D’abord, le PS n’est plus ce qu’il était. Depuis 2000, ce parti dégringole irréversiblement. Les Collectivités locales qu’il a remportées ne son point l’œuvre du parti, mais celle de personnalités socialistes qui ont individuellement mené une bataille de terrain, malgré des coups bas fomentés par des camarades encagoulés.
Les Sénégalais ont, dans leur écrasante majorité, tourné le dos au PS OTD. Son avènement a provoqué une spirale d’échecs électoraux et une saignée du parti en raison d’une gestion unilatérale, clanique et condescendante. Lucide et intelligent, Ousmane Tanor Dieng sait mieux que quiconque que son avenir politique dépend de Macky Sall à qui il manifeste une loyauté, une allégeance et un dévouement identique à une subordination.
C’est ce que refusent des mastodontes du parti comme Khalifa Sall, Barthélémy Diaz, Bamba Fall, Aissata Tall Sall, Babacar Diop, entre autres. Pour Tanor, présenter une liste du PS pose deux problèmes : il se retrouverait dans une situation énigmatique avec les investitures qui ne devraient léser personne ; ce serait également suicidaire car il sait mieux que quiconque que sur le plan des suffrages, le déclin électoral du parti a tout, avec lui, l’image d’une dégringolade irréversible.
À presque 70 ans, il est à la veille d’une retraite politique. Sur le plan électoral, il ne peut plus avoir ce qu’il avait. Les citoyens sont devenus indifférents à son égard et il est terriblement contesté dans son parti jusqu’à essuyer des jets de pierres au cœur de la Maison de Parti, appellation surannée qui renvoie au bolchévisme.
Resté dans le maquis marron-beige, couleur pain chocolat, c’est se mettre à l’abri d’une catastrophe électorale qui le précipiterait tristement à la porte de sortie. Macky Sall ne badine pas avec ceux qui expriment des positions qui le contrarient. Cheikh Bamba Dièye, Malick Gackou, Abdoul Mbaye, Amsatou Sow Sidibé et même Moustapha Cissé Lo et Aminata Touré en savent quelque chose.
Le maintien de Aminata Mbengue Ndiaye, de Serigne Mbaye Thiam et la promesse qui aurait été faite à Tanor de trôner à la tête du Haut Conseil des Collectivités Locales, une juteuse et protocolaire institution, ne s’expliquent que par leur extrême allégeance à Macky Sall. Être avec son parti aux élections législatives est conséquemment, pour Tanor et ceux qui, dans le bureau politique du parti, relèvent de son obédience une question de survie politique.

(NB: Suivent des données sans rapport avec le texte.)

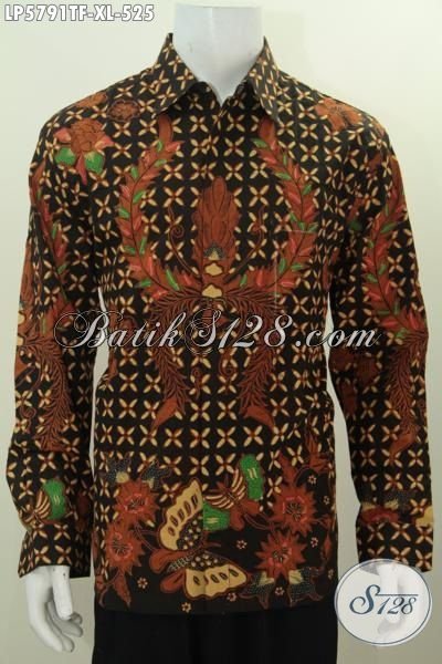 Baju Kemeja Batik Halus Motif Klasi Terkini, Busana Batik Istimewa Bahan Adem Tulis Tangan Model Lengan Panjang Pake Furing Harga 525K [LP5791TF-XL]
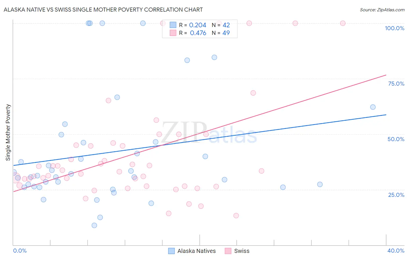 Alaska Native vs Swiss Single Mother Poverty Correlation Chart

Mais cette décision n’est pris ni en Comité Directeur, ni en Congrès. Elle est unilatérale car Tanor sait bien qu’elle ne passerait point en Congrès. La suite logique sera indubitablement, la présentation d’une liste parallèle qui s’élargirait sur le reste du Sénégal sous l’appellation de  « Taxawu Sénégal ».Le camp Khalifa n’accepterait point cet unilatéralisme qui illustre davantage la cassure que subit le PS. Tanor n’en est point ébranlé : l’essentiel est qu’il sauve sa peau.